In his guest op-ed in The State last year, Dr. Jeb Hallett (a seasoned surgeon practicing in Charleston), put into words very well what I believe so many physicians can no longer tolerate… I quote: “It is helpful to have an image of what rejecting Medicaid expansion will really look like. Forget the green Medicaid dollars that are the focus of too many lawmakers’ conversations; for them, this is all about a news conference where they politicize their loyalty to fiscal restraint.

As a health-care provider, I imagine the limbs of diabetics that will be amputated; I envision the twisted faces of those who forever will be changed by disabling strokes. Yes, leaving the most vulnerable citizens in our state uncovered results in greater expense for us all – as the uninsured often go without preventive care and proper ongoing treatment, that leads to emergency situations where much higher costs to treat are passed on to insurance companies – and then ultimately to policy holders as higher premiums. We all lose.

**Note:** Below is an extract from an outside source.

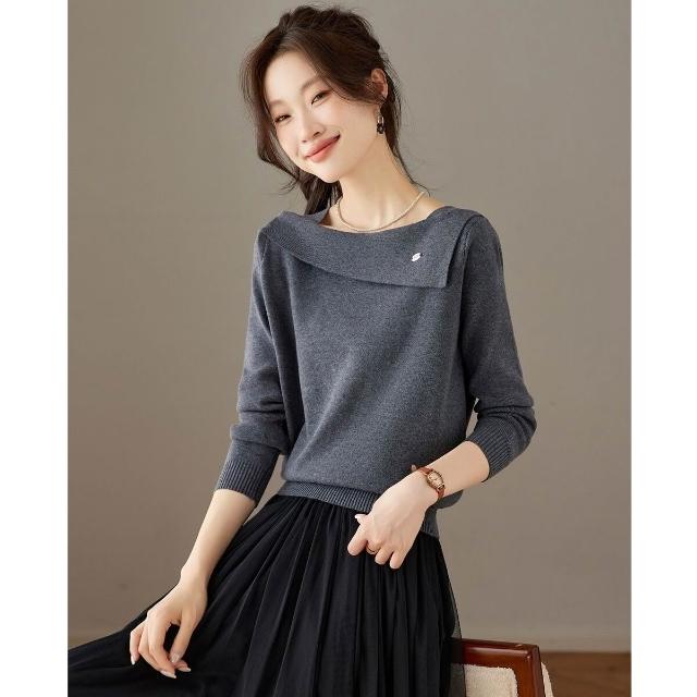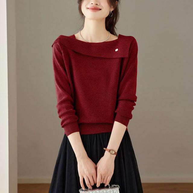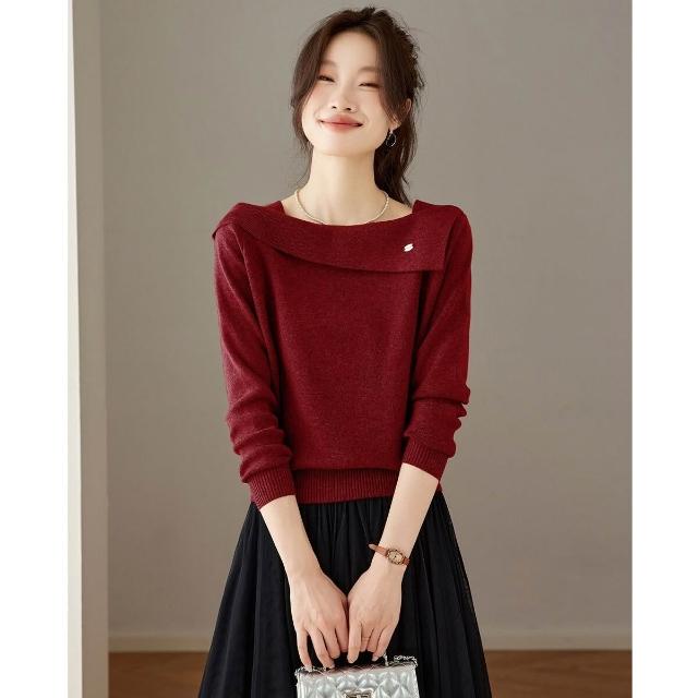 復古酒紅一字領針織衫女2025秋季新款氣質顯瘦套頭毛衣打底衫上衣 4b4

You should know that current South Carolina Medical Association President, Dr. Bruce Snyder, a vascular surgeon in Greenville, issued a call for “community action” to all SC physicians in April 2013 – it is published on the SCMA website.

I quote: “I challenge the physicians in South Carolina to be the leaders in their communities and in the state that I know they can be… Every physician in South Carolina knows an issue that is important to them which would have a positive impact on our state. Individually and collectively we should make sure our voices are heard on every subject, yes, every subject that has an impact on the health of South Carolinians.”

As concerned citizens, we need to echo this call loudly in our local communities. Yes, all of you, talk to your primary care and specialty physicians – now is the time!

So, in closing, please join HFA-SC and help us get the “silent” physicians around our state to speak up! Thank you!